Deutsche Gesellschaft für Chirurgie. 130. Kongress der Deutschen Gesellschaft für Chirurgie. München, 30.04.-03.05.2013. Düsseldorf: German Medical Science GMS Publishing House; 2013. Doc13dgch302

doi: 10.3205/13dgch302, urn:nbn:de:0183-13dgch3027

Veröffentlicht: 26. April 2013

© 2013 Miholic et al.
Dieser Artikel ist ein Open Access-Artikel und steht unter den Creative Commons Lizenzbedingungen (http://creativecommons.org/licenses/by-nc-nd/3.0/deed.de). Er darf vervielfältigt, verbreitet und öffentlich zugänglich gemacht werden, vorausgesetzt dass Autor und Quelle genannt werden.


Gliederung

Text

Introduction: Abnormal glucose regulation is highly prevalent in patients with pancreatic neoplasm. In these patients, partial pancreaticoduodenectomy can be carried out with pylorus preservation (PPPD) or with distal gastrectomy (Whipple procedure), which accelerates gastric emptying. Rapid gastric emptying enhances postprandial release of glucagon-like peptide-1 (GLP-1) which is known to improve glucose metabolism.
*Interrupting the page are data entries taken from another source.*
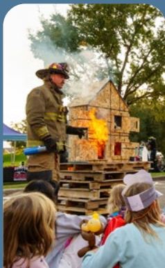
Fire Prevention Night 5:00 - 8:00 PM October 5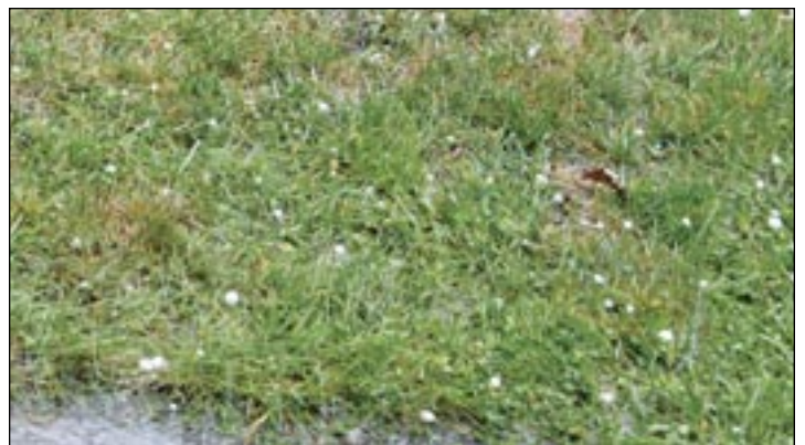
ABOVE: Hail litters a lawn on West Island on Monday, 8/26/24 during a storm that dumped rain and half-inch hail on the island and caused a gust of wind up to 33 MPH.

Video and pictures throughout SE Mass. show hail looking like a snowstorm. The dark clouds could be seen approaching, and there was lots of loud thunder, bright lightning, and wind gusts up to 65 MPH; and a 33 MPH gust recorded by the West Island Weather Station (WestIslandWeather.com). Rain poured in sheets in some places. According to ML Baron of WI Weather, rain was in isolated pockets from .25 inch to .60 at Town Beach. Some areas got 2 inches in 20 minutes. Mattapoissett got 1.79".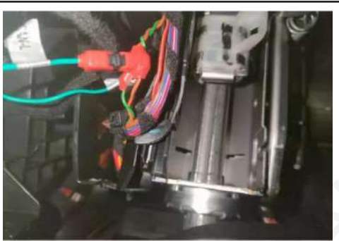
15-2. Our CAN-H cable is connected to the green cable and the CAN-L cable is connected to the orange-grey cable.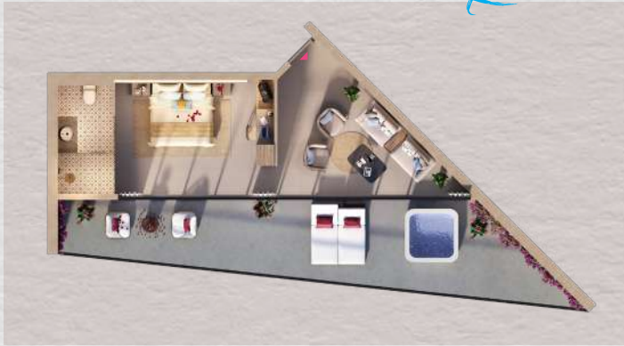
KING SUITE TYPE A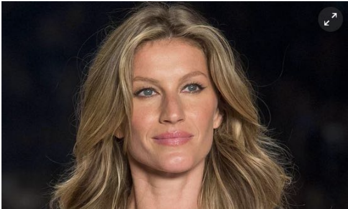
Gisele Bündchen wrote to Brazil's president: 'It's our job to protect our Mother Earth.'

Michel Temer replies to message from Brazilian supermodel to announce he will veto plans to cut conservation in the Amazon

Any procedure, if associated with accelerated gastric emptying might thus yield improved glycemic control. It was the purpose of this study to investigate the relationship between gastric emptying, GLP-1 and insulin sensitivity after pancreaticoduodenectomy.
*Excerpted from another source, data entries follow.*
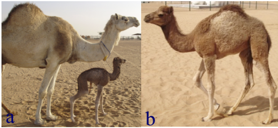
FIG. 3. The first cloned camelid, a female dromedary camel calf named Injaz: on the day of birth (a); and 2 mo old (b), growing well (photograph taken on 8 June 2009).

of the above-mentioned methods, assuming that the metaphase spindle was visible during the nucleation process. In our observations, dromedary camel oocytes are dark because of their high lipid content, like porcine and buffalo oocytes, making it impossible to see the metaphase spindle under an inverted microscope without an aid. The removal of oocyte chromatin prior to NT is of crucial importance in order to 1) avoid aneuploidy, with its detrimental effects on later development; 2) eliminate any genetic contribution of the recipient cytoplasm; and 3) exclude the possibility of parthenogenetic activation and embryo development without the participation of the newly introduced nucleus.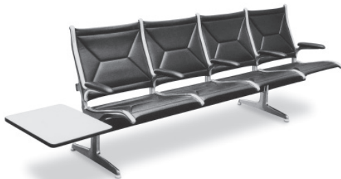
seating with attached table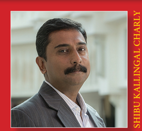
ACTING DIRECTOR - INFORMATION & COMMUNICATIONS TECHNOLOGY CENTRE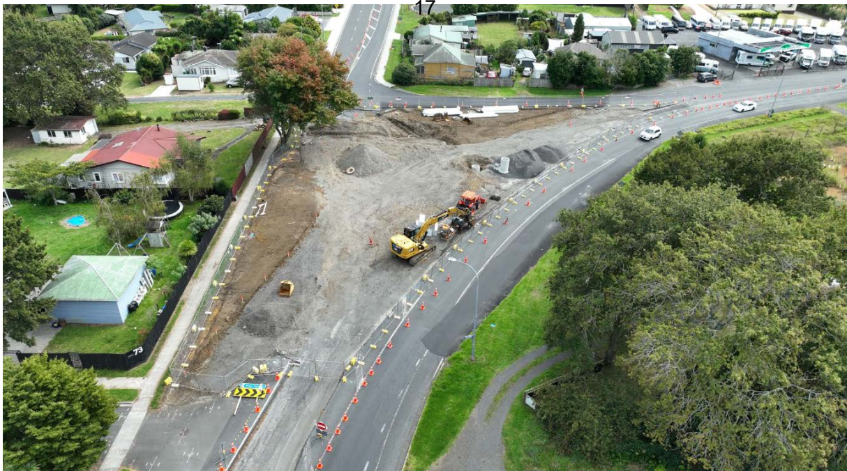
Great South Rd / Pokeno Intersection looking north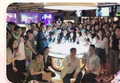
Joint 7-Chapter Happy Hour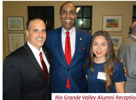
Rio Grande Valley Alumni Reception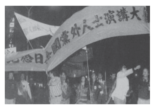
Banners at the beginning of the march

However, we ourselves and others sympathetic to the Democratic Opposition have doubted the official version, and have presented evidence which showed that the police encircled and then moved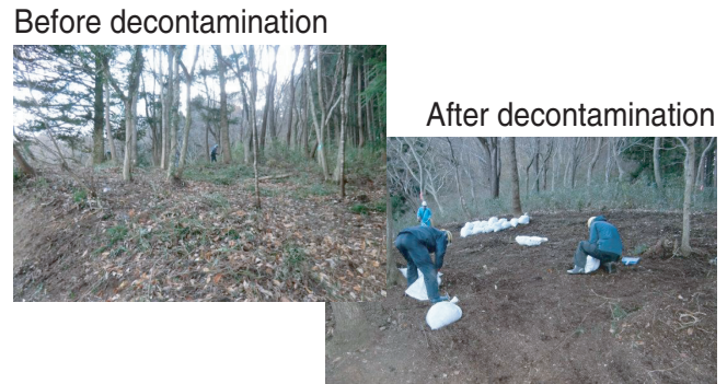
Fig. 1-14 Before and after photos of the test location In the broadleaved tree area, grass mowing, raking of fallen leaves, and removal of the litter layer were applied as decontamination methods.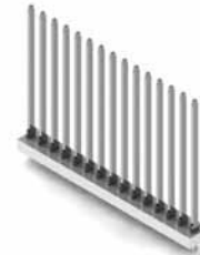
In-line board mount gold plated header assembly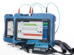
MaxTester 940 Fiber Certifier OLTS

Material and methods: A 75 g oral glucose tolerance test (OGTT) was carried out in 15 patients having undergone PPPD, and in 15 after Whipple procedure, following an interval of 31 (range, 5-199) months. Gastric emptying was measured by the paracetamol absorption method with the OGTT. Plasma concentrations of glucose, insulin, GLP-1, and paracetamol were measured at baseline, 10, 20, 30 60, 90, 120, 150, and 180 minutes.

Results: Patients with Whipple procedure as compared to PPPD had accelerated gastric emptying (p=0.03) which correlated closely with GLP-1 (AUC30; R=0.61; p=0.0003) and insulin sensitivity (R=0.41; p=0.026), and inversely with baseline glucose (R=0.36; p=0.049), and HbA1c (R=0.40; p=0.02). 6 of 15 Whipple patients (40%) and 7 of 15 after PPPD (47%) had postload glucose concentrations (i.e. 120 minutes at OGTT) ≥200 mg/dl (NS). After excluding the patients older than 70 none of eight (0%) after Whipple procedure but 7 of 13 (54%) after PPPD had postload glucose ≥200 mg/dl (p=0.018).

Conclusion: Gastric emptying was accelerated after Whipple procedure and correlated with GLP-1 release and insulin sensitivity which could explain the improvement of glycemic control frequently observed after pancreaticoduodenectomy. Parameters of glycemic control were significantly improved after the whipple procedure as compared to pylorus preservation.